A function would be identified as a unary one for a single rest parameter. It means there can't be another unary function of the same name. Or am I missing something?
(In reply to WS Hager from comment #2) > A function would be identified as a unary one for a single rest parameter. > It means there can't be another unary function of the same name. But say there's a binary function of the same name. If you write a function call with that name and two arguments, which of the functions are you invoking?
I believe XQuery implementations should override functions in order of appearence, right?
> A function would be identified as a unary one for a single rest parameter. How would you then differentiate unambiguously between different possible signatures?

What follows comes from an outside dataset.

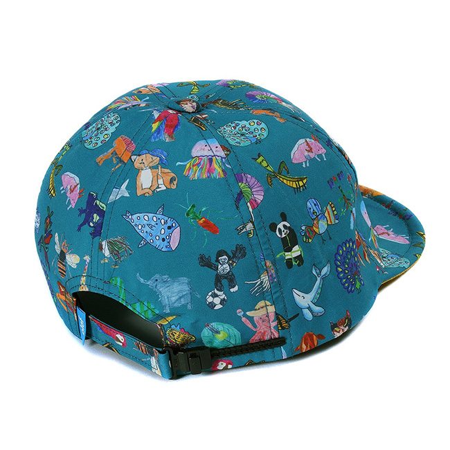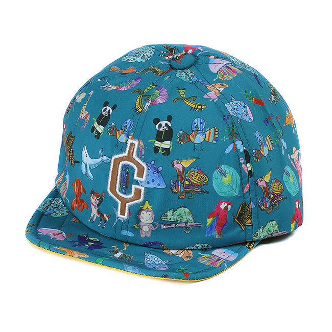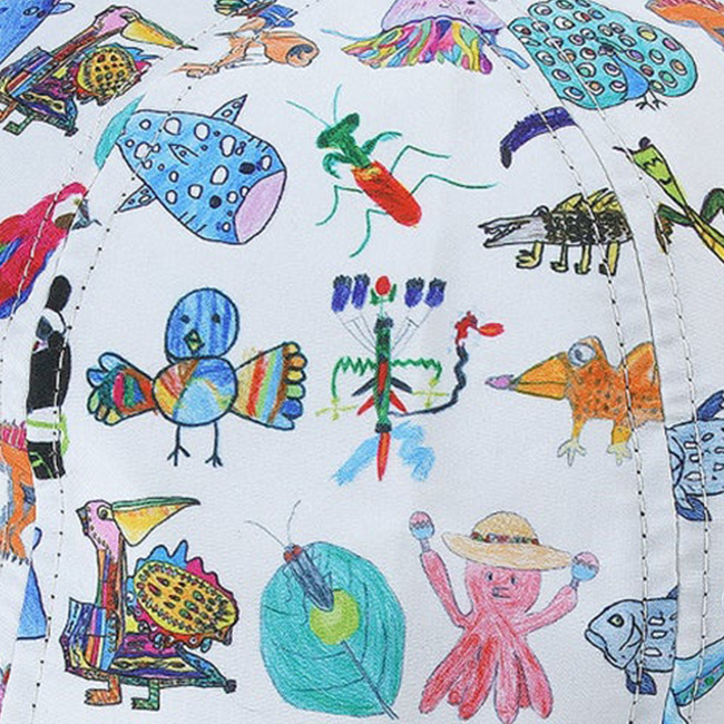 子どもたちの柔らかな優しい、元気いっぱいのタッチで描かれた自由なイラストがとっても楽しい総柄の帽子が完成しました。

With this rule in mind, suppose you have two named functions declared, same name, like this, but different arities (according to your rules): f:test := function($args ... as array(item()?) { return $args[?1] } f:test := function($x as xs:int, $y as xs:int) {return 1 } What will f:test(42, 42) return? 42, or 1? And what should f:test#1 return (function that takes array or function that takes item()?)? And what f:test#2? Or f:test#99 (i.e., a reference to a function with 99 args, or one with 1 arg that takes an array, or one with 100 args, with the last one taking an array)? I'm not saying it is impossible to device the syntax, but there are likely a lot of cases to consider.

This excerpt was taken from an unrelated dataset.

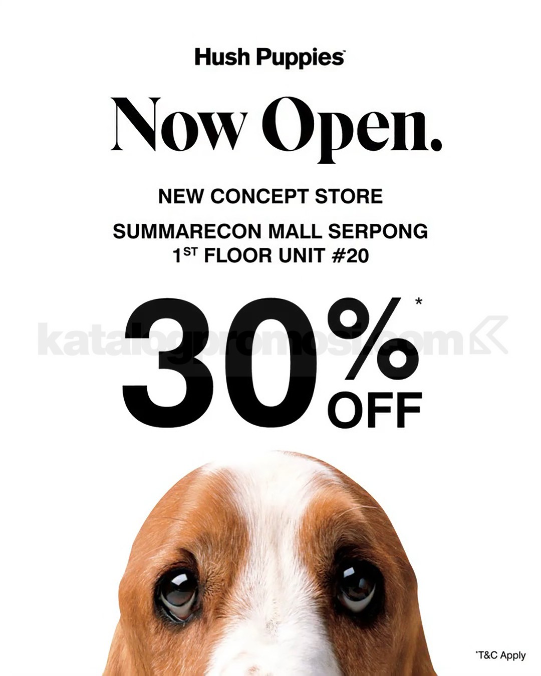 Diskon 30% berlaku untuk setiap pembelian di store Hush Puppies Summarecon Mall Serpong.

The goal of the syntax is to enable the creation of n-ary functions in xquery, which I sorely miss. I don't think it these cases matter more that that, so IMO anything else should be an override.

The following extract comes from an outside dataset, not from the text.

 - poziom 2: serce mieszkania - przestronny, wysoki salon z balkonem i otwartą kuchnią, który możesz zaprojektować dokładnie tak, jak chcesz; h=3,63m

(In reply to WS Hager from comment #4) > I believe XQuery implementations should override functions in order of > appearence, right? No, an XQuery implementation must raise static error XQST0034 if it encounters multiple functions with the same name and number of arguments.
(In reply to Michael Dyck from comment #7) > No, an XQuery implementation must raise static error XQST0034 if it > encounters multiple functions with the same name and number of arguments. In that case eXist-db is wrong... An error is even more clear: either multiple fixed-arity functions or a single wildcard.
We might be able to make it work in the current model by saying that declaring a function with a rest parameter adds an infinite set of entries to the statically known function signatures and the named functions. So Abel's example in comment 5 would be a static error, but if we ignore the fixed-arity declaration (and also the odd syntax for function decls), then the questions about named function references remain. My inclination would be that they all return the same function value. That'd be simpler than fabricating an infinite set of different function values, one for each different arity.
(In reply to Michael Dyck from comment #9) > (and also the odd syntax for function decls) Yes, I should have mentioned it was not meant as real code, more-a-less pseudo-code, sorry for the confusion (as in XPath you cannot declare named functions, and this should be a feature of XPath, not XQuery, and be allowed irrespective of whether the function is named or not). > My inclination would be that they all return the same function value. You mean, for instance, that f:test#3 would return an infinite-arity function, or that we forbid f:test#3 (and the overloads) if an infinite-arity function exists? I think, for orthogonality, it should work the same as fn:concat. Which means, there's a single signature with infinite arity (no fixed arity overloads are allowed), where, for instance, fn:concat#8 returns an eight-arity function reference. And fn:concat("foo", ?, ?, ?) returns a three-arity function reference with a single fixed parameter.